Face à une crise du logement qui menace l’ensemble du parc locatif français, le gouvernement se prépare à proposer un nouvel outil fiscal : le « statut du bailleur privé ». Annoncé par Vincent Jeanbrun, ministre de la Ville et du Logement, ce dispositif vise à relancer l’investissement locatif privé tout en apportant un soutien concret aux locataires. « La lettre de mission confiée par le Premier ministre a été claire et demande un plan d’urgence pour le monde du logement.

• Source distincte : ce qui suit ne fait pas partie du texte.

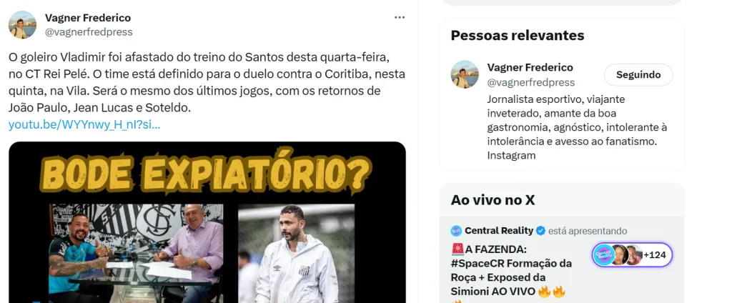 Gallo fez certo em afastar Vladimir do treino do Santos?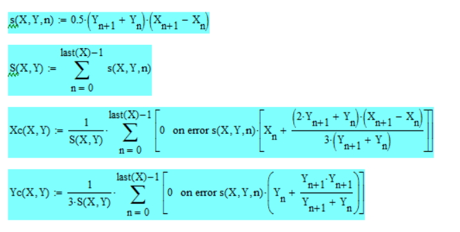 对于用散点定义的由直线型折线组成的封闭图形,也可以直接用给出的散点坐标计算。计算的思路就是把图形看作若干梯形(特例,矩形,零面积)的组合,直接用公式计算。下面是我刚推出的公式,没有经过严密的论证,或许有错,仅供参考。

Nous avons de toutes parts des signaux d’une crise qui arrive à son paroxysme, il est urgent d’inverser la tendance », a déclaré le ministre à l’AFP.
🔧 Un levier fiscal pour stimuler l’investissement privé
L’objectif affiché du gouvernement est clair : encourager les investisseurs privés à revenir sur le marché locatif, fortement affecté depuis la disparition du dispositif Pinel en 2024. Selon Pascal Boulanger, président de la Fédération des promoteurs immobiliers (FPI), « cette initiative constitue une très bonne nouvelle » et marque le retour de ce « dossier en haut de la pile ».
La première mouture de l’amendement prévoit un mécanisme d’amortissement fiscal de 2 % sur les revenus locatifs des logements neufs, assorti d’incitations pour la rénovation énergétique des biens anciens. Ces mesures s’inspirent des travaux initiés par l’ex-ministre Valérie Létard et du rapport parlementaire de Mickaël Cosson et Marc-Philippe Daubresse, qui proposait également des bonus fiscaux pour les propriétaires louant à des loyers modérés ou à des ménages modestes, une exonération d’impôts après vingt ans de détention, ainsi que l’exclusion des résidences principales louées de l’assiette de l’IFI.
Le contexte est préoccupant : entre janvier et juin 2025, les acquisitions de logements neufs par des particuliers ont chuté de moitié par rapport à la même période en 2024. Olivier Salleron, président de la FFB, juge le taux de 2 % « trop faible », un avis partagé par Pascal Boulanger, soulignant la nécessité de mesures plus attractives pour mobiliser les capitaux privés.
🏘️ Régulation et contreparties
Pour Pierre Madec, économiste à l’Observatoire français des conjonctures économiques (OFCE), « c’est un message positif de dire qu’il faut dynamiser l’investissement locatif privé ». Il avertit toutefois que ces incitations fiscales doivent s’accompagner de garanties pour les locataires, notamment des plafonnements de loyers similaires à ceux du dispositif Pinel, afin de prévenir toute dérive spéculative.
Le ministre Vincent Jeanbrun a par ailleurs évoqué la nécessité de limiter la concentration des logements sociaux par commune. La loi SRU impose aux communes urbaines de disposer d’au moins 20 à 25 % de logements sociaux, mais aucune limite supérieure n’est fixée. En 2022, 1 161 communes n’atteignaient pas le seuil minimum, soit 54 % des 2 157 concernées, illustrant l’urgence d’une meilleure régulation territoriale.
L’objectif affiché est double : stimuler l’investissement privé pour augmenter l’offre locative et assurer une répartition plus équilibrée du logement social sur le territoire, évitant ainsi les déséquilibres socio-économiques et la concentration de difficultés dans certaines zones.
👁️ L’œil de l’expert : un outil fragile
Le « statut du bailleur privé » pourrait constituer un tournant pour le marché locatif français. Toutefois, son efficacité dépendra de l’équilibre entre incitations fiscales et régulation. Sans contreparties claires pour protéger les locataires, le dispositif risque de favoriser uniquement les investisseurs, sans résoudre la pénurie de logements accessibles. Une approche mesurée et concertée avec les acteurs économiques et les collectivités locales sera indispensable pour que cette réforme serve à la fois les bailleurs et les locataires, tout en contribuant à la stabilisation du marché immobilier français.